Write the entries out exactly, with the final line being the one containing "Materiaal: De kapstok".

--------------------

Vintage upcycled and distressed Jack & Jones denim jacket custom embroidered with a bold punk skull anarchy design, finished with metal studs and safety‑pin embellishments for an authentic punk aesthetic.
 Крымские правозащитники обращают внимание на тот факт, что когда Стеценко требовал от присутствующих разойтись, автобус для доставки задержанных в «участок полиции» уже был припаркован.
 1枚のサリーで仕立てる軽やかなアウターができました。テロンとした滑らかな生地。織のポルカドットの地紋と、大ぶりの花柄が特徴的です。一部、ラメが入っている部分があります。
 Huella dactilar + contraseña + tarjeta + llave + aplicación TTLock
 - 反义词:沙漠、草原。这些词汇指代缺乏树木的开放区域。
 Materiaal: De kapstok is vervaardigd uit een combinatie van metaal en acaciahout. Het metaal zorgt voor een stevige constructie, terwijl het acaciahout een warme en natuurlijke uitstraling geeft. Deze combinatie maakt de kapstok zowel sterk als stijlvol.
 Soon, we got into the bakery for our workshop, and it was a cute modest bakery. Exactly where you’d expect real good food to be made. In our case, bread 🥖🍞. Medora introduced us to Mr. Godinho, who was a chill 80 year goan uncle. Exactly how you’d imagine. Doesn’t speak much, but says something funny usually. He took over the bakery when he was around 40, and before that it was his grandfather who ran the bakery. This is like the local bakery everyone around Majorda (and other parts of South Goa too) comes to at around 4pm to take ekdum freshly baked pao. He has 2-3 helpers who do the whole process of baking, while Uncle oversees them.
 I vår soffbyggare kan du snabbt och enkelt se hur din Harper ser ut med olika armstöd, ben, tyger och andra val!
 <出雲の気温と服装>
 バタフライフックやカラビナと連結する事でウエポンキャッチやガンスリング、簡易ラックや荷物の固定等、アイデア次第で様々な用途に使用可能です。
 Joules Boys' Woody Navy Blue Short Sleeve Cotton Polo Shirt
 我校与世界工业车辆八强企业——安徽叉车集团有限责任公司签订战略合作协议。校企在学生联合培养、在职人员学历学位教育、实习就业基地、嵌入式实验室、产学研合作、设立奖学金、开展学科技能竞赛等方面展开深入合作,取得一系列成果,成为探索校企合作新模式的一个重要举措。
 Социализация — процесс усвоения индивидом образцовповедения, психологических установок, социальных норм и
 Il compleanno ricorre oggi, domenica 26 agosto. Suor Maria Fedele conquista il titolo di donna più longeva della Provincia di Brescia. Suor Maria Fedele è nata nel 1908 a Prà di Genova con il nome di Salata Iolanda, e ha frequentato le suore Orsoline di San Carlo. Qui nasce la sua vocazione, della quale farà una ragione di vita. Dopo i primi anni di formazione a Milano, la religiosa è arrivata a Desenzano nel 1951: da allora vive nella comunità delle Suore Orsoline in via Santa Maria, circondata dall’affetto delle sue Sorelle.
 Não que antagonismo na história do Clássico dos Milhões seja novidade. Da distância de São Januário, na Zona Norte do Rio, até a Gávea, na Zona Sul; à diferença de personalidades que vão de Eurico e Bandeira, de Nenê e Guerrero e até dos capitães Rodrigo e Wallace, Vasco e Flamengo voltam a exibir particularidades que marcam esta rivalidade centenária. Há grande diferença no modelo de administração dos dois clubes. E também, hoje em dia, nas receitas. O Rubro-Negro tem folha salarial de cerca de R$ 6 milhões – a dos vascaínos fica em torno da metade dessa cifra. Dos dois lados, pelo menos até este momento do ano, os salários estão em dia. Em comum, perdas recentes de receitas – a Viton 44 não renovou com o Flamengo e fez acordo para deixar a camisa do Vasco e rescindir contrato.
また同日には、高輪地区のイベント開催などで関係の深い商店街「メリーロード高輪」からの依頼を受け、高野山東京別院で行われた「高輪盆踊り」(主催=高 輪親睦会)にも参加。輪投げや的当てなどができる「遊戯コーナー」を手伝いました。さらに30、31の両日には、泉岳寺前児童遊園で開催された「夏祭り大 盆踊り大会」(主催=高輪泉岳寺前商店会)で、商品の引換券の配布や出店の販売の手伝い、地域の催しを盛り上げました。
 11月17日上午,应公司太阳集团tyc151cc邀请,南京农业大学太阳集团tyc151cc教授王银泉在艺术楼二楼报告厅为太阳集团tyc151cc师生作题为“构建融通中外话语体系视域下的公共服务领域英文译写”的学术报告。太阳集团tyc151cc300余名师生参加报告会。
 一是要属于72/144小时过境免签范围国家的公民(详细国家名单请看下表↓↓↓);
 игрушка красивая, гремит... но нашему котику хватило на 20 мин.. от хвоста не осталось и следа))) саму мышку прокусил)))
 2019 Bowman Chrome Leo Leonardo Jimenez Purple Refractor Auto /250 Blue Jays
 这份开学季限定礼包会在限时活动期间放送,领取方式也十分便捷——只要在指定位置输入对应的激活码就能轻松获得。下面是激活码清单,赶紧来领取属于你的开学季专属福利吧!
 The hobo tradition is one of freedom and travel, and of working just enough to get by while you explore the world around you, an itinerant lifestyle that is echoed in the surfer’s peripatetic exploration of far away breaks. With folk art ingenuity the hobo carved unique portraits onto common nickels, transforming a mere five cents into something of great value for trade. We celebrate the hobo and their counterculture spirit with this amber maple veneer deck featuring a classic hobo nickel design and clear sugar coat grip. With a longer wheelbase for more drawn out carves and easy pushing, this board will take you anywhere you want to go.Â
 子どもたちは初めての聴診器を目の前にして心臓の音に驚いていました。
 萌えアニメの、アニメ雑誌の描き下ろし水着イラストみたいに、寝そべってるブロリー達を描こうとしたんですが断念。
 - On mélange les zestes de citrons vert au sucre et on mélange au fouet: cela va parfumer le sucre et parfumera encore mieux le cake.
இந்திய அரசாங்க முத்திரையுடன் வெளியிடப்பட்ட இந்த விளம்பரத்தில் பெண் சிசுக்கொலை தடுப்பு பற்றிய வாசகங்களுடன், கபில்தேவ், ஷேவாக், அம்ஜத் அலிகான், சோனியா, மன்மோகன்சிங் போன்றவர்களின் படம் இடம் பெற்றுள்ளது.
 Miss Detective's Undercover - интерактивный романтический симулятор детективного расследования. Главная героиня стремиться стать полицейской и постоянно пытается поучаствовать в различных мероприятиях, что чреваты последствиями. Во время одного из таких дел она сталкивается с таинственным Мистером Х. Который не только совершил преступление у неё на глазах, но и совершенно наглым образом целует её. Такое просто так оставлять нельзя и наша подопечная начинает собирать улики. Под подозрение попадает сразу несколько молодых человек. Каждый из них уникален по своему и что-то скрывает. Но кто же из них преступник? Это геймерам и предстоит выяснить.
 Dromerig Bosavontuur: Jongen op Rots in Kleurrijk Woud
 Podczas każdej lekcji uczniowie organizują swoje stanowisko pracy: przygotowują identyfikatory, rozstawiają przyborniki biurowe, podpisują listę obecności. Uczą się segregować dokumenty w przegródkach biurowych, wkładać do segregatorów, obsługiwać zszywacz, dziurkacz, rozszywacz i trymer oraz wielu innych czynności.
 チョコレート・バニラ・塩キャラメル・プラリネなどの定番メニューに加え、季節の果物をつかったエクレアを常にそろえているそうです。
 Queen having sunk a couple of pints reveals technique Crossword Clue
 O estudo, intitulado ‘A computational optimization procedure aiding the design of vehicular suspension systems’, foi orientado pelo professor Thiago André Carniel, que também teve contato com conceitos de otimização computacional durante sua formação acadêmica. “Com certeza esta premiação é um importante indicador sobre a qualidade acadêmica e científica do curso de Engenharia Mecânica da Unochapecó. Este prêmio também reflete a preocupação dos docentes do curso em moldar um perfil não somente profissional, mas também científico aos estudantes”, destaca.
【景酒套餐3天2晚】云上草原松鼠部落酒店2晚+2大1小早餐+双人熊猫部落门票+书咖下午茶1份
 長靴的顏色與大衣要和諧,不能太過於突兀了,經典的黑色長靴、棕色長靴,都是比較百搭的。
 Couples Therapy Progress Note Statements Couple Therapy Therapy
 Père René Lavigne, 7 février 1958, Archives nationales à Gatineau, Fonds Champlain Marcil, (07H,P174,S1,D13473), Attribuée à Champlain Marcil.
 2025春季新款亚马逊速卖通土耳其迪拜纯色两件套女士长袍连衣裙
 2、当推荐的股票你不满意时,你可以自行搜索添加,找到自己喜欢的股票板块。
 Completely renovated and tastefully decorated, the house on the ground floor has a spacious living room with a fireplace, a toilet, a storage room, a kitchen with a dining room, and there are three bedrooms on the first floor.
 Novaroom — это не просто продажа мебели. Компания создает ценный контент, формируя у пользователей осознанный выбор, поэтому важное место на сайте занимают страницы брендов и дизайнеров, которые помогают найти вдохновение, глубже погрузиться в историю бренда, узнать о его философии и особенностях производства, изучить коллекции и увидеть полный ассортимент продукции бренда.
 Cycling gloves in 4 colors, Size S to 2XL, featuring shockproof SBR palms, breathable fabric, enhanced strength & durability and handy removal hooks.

--------------------

_Task answer_.
Vintage upcycled and distressed Jack & Jones denim jacket custom embroidered with a bold punk skull anarchy design, finished with metal studs and safety‑pin embellishments for an authentic punk aesthetic.
 Крымские правозащитники обращают внимание на тот факт, что когда Стеценко требовал от присутствующих разойтись, автобус для доставки задержанных в «участок полиции» уже был припаркован.
 1枚のサリーで仕立てる軽やかなアウターができました。テロンとした滑らかな生地。織のポルカドットの地紋と、大ぶりの花柄が特徴的です。一部、ラメが入っている部分があります。
 Huella dactilar + contraseña + tarjeta + llave + aplicación TTLock
 - 反义词:沙漠、草原。这些词汇指代缺乏树木的开放区域。
 Materiaal: De kapstok is vervaardigd uit een combinatie van metaal en acaciahout. Het metaal zorgt voor een stevige constructie, terwijl het acaciahout een warme en natuurlijke uitstraling geeft. Deze combinatie maakt de kapstok zowel sterk als stijlvol.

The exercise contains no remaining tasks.